→ THE TASK: Since the listing below shows pictures, leave them out and write out exactly the lines from the line with "说起大师,一般人都认为出手不" to the line with "約450個スキンがあり、人気", both included, and no others.

→ INPUT DATA:
* * * *

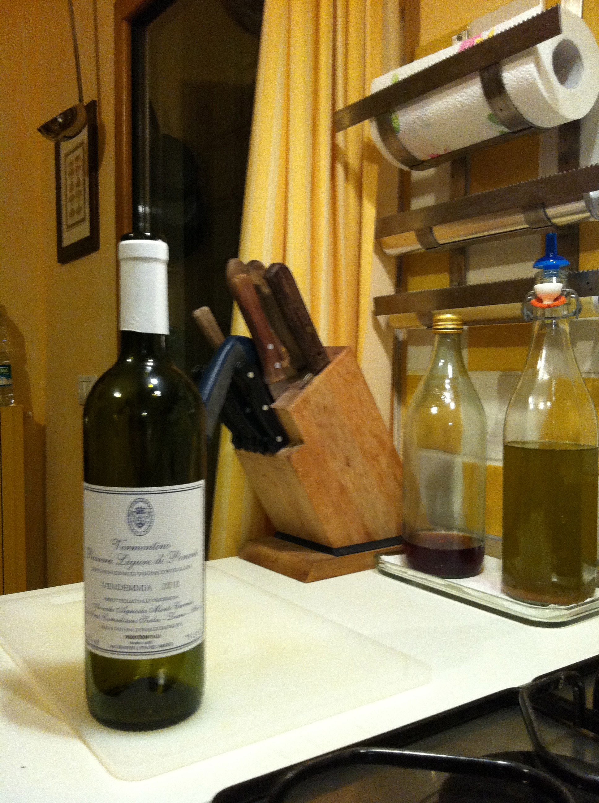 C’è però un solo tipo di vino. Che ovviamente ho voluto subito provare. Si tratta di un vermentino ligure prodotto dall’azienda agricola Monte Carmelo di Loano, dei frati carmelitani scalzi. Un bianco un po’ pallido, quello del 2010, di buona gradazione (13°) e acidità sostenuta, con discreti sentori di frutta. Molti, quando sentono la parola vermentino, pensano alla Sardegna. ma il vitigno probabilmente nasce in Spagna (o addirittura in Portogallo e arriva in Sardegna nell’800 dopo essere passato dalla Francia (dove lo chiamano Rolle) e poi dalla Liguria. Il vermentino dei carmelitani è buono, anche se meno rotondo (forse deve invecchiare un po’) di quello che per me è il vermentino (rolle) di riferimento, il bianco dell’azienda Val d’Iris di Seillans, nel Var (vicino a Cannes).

* * * *

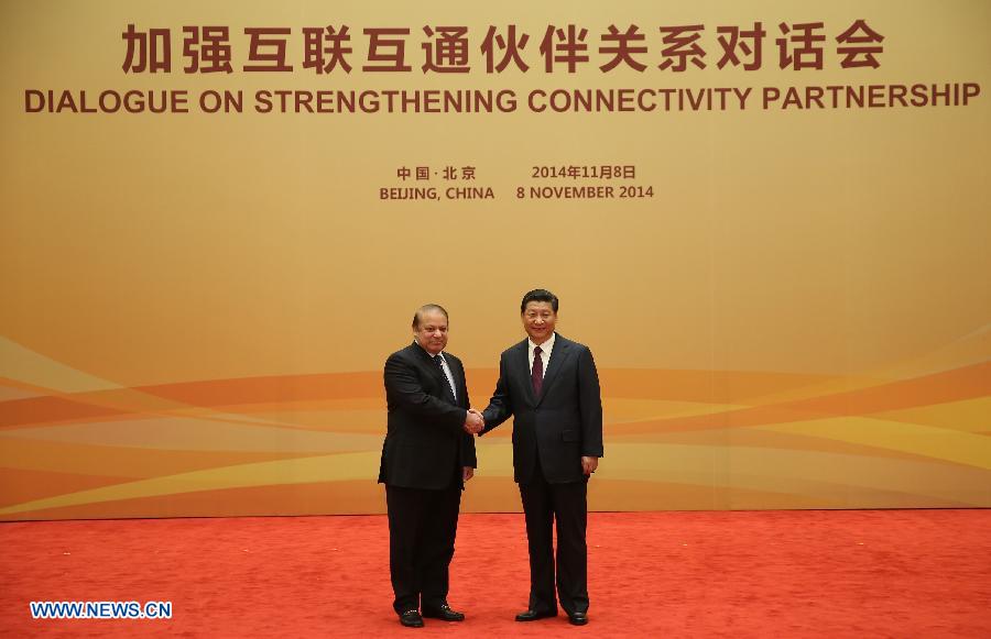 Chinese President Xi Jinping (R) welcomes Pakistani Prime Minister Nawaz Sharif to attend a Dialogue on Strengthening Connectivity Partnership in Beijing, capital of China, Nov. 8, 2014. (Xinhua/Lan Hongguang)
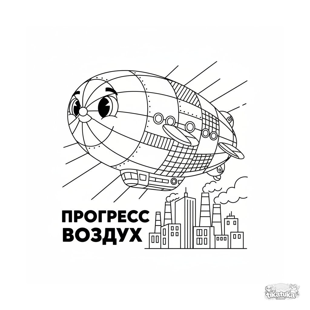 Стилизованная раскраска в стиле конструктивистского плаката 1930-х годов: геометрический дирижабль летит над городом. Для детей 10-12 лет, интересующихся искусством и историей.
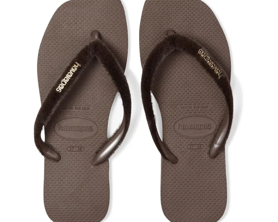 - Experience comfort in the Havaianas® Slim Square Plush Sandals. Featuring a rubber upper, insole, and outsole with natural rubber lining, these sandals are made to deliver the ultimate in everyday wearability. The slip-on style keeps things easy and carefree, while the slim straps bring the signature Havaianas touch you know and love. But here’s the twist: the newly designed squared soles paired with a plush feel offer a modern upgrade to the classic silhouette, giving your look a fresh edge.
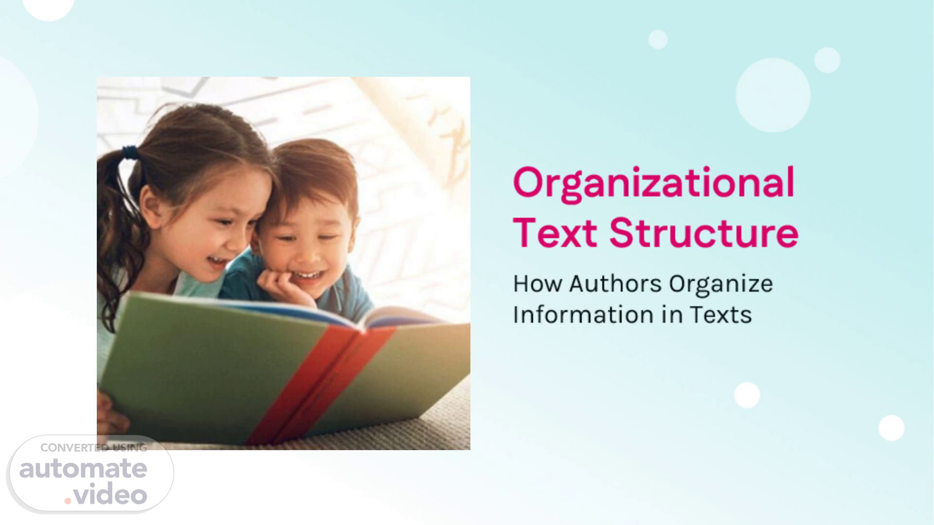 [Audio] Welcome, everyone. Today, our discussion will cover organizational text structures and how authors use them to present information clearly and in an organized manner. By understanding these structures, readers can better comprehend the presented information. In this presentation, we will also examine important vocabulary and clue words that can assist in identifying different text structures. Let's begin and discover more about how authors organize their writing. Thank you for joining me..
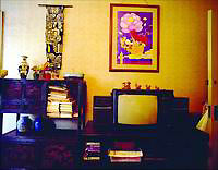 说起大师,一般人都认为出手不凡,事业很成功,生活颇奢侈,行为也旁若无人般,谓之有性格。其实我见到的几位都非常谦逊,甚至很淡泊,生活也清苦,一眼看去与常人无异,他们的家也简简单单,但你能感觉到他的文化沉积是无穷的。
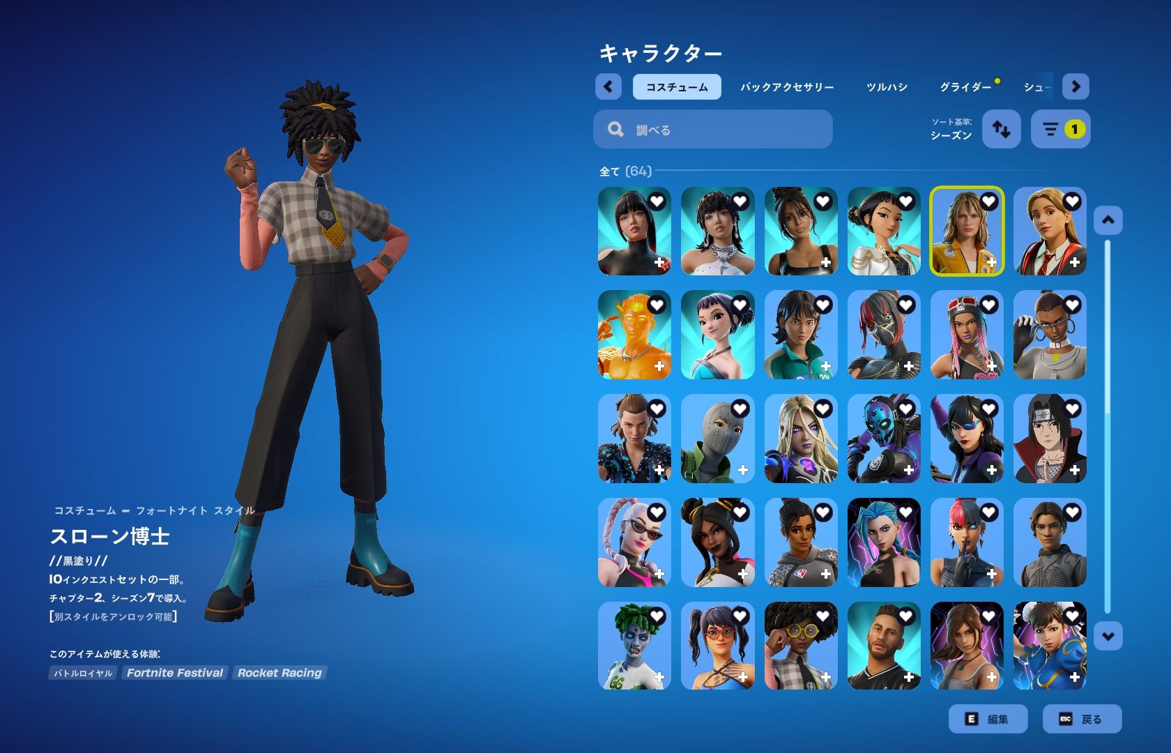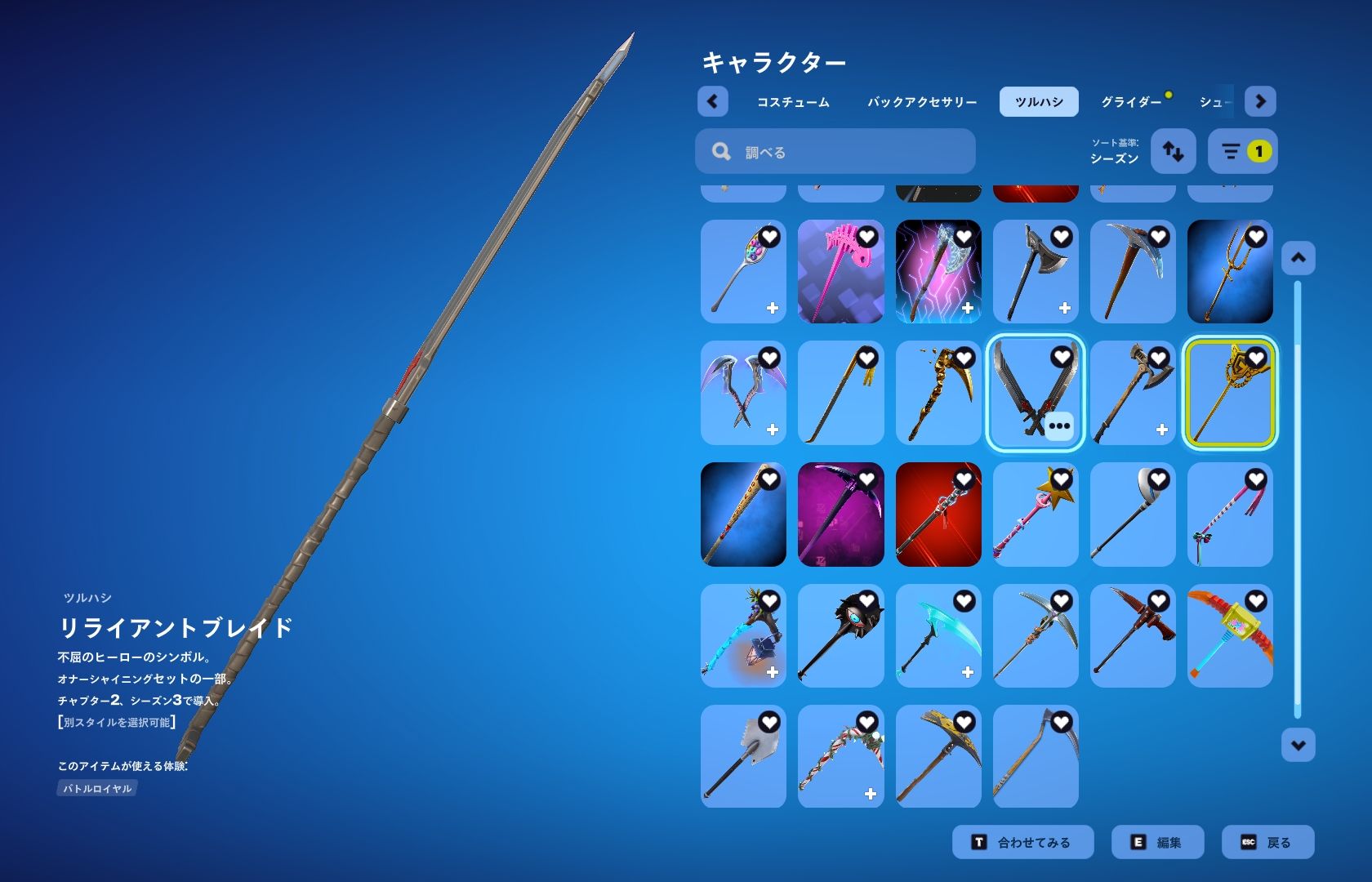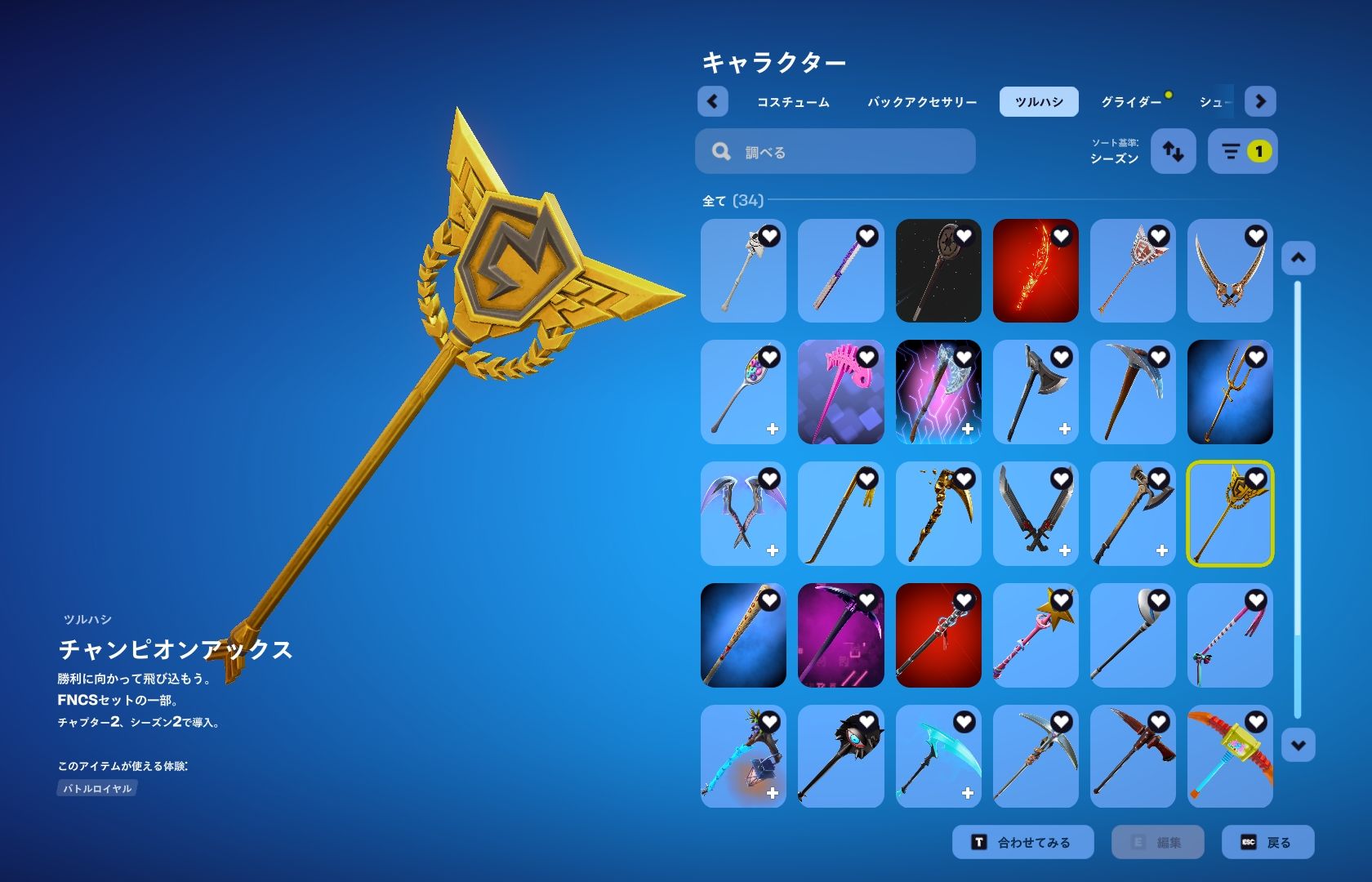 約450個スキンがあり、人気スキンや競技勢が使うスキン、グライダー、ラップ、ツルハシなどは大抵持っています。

* * * *

→ RESPONSE BELOW:
 说起大师,一般人都认为出手不凡,事业很成功,生活颇奢侈,行为也旁若无人般,谓之有性格。其实我见到的几位都非常谦逊,甚至很淡泊,生活也清苦,一眼看去与常人无异,他们的家也简简单单,但你能感觉到他的文化沉积是无穷的。
 約450個スキンがあり、人気スキンや競技勢が使うスキン、グライダー、ラップ、ツルハシなどは大抵持っています。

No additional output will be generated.